There's some sort of
football game on today. People will be praying “Don't let the
other team score, but let 'my' team score.” For some people it's
what little praying they actually do. Unless they are pulled over by
a police officer and then the prayer is different. “Don't let them
give me a ticket” or “Don't let them kill me.” You can guess
the race of each of those prayers. But I digress from my original
point.
It is stated that
“religion is the opiate of the masses.” Today it would be
sports. In the olden days people would pray to God. Today, they
watch sports games. They live them out with jerseys, fantasy sports
leagues, figurines, everything the ancients would do only
modernized.
And heaven forbid
(or Goodell forbid) that their team move from their city to another
one. Or they lose a crucial game. Or anything that involves their
team.
Never mind that no
city has ever made money hosting the Superbowl. I have read several
articles on that. I will find them and post the links. Same thing
with the Olympics. No country has ever earned a profit on the
Olympics. Yet countries fight for the ability to host that fiasco.
And go into great debt to do it, Look at Greece. How much of their
crisis has its roots in the Olympics?
And let's look at
what the athletes go through. Watch Concussion and
realize the story is bigger than that. Look at the injuries faced by
baseball, basketball, hockey, and other professional sports players.
(I won't go into the damage that professional wrestlers go through.
A student lectured me on that. Yes, it's rigged. Yes – those
injuries are real. No,
they don't make a ton of money.)
Then
again, go down to the collegiate level and look at the injuries and
washout from that.
Then
step down to the high school level and realize that doctors are
seeing injuries at that level that used to be seen only in
professional athletes.
All
for what?
And
for all the money they do
make, it's nothing compared to what the owners make. At our
expense. Who pays for the stadiums and the upkeep? Not the owners.
We, the taxpayers, do. And we have no share in what the team does.
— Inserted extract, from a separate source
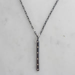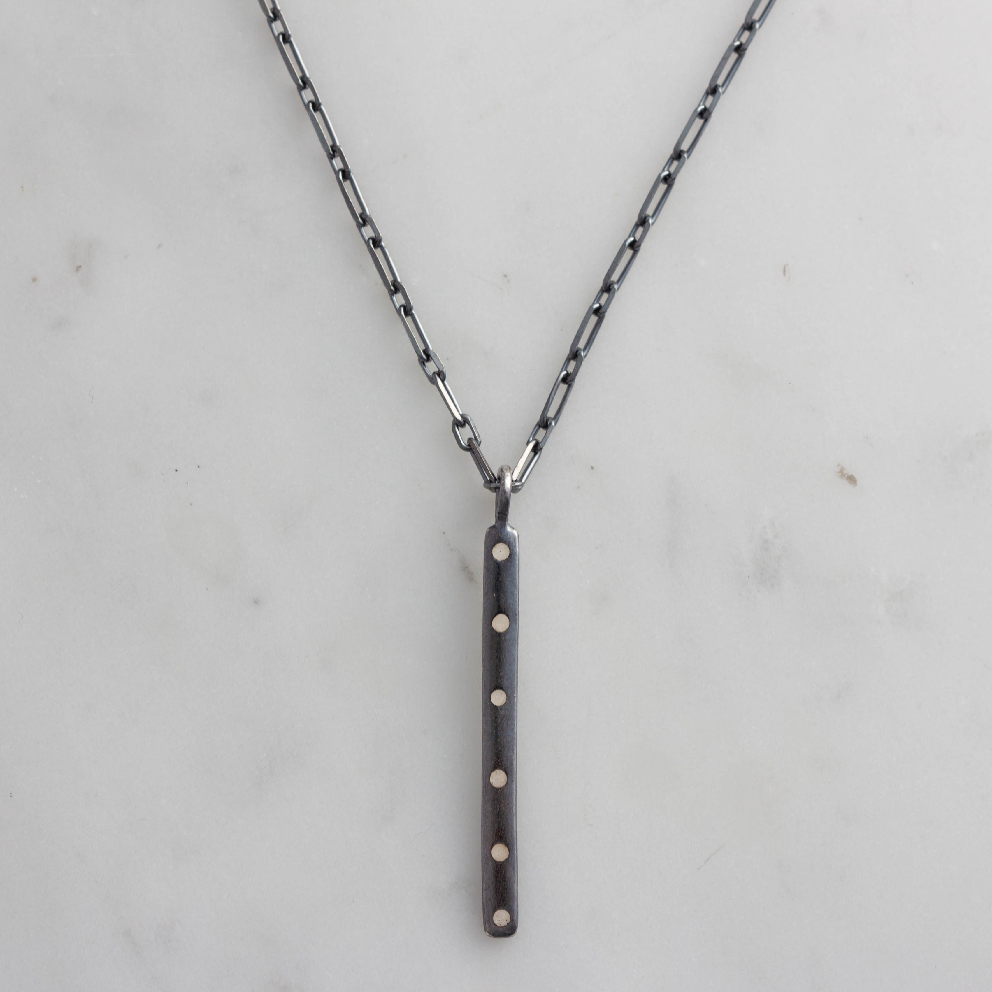 This stick pendant is a forged sterling silver bar with gemstone inlay of your choice on a sterling silver chain with lobster clasp.

Footing the bill for the stadium is the price we pay for having the
team in our town. (Unless
you are Green Bay, but the league passed a law that prohibits that
from ever happening again.)
For
what? Not enough.
And
I remember the four Super-bowls in Buffalo. I was happy when they
didn't make it to the fifth. It allowed the people to decompress and
refocus on their lives and see that no matter how well the Bills
(Sabres, Bisons, or Bandits) did, their lives were not going to
change. And Western NY was not going to get very much from
what they sank so much money into.
What
benefits a community gets from having a team wing flow up to the 1%.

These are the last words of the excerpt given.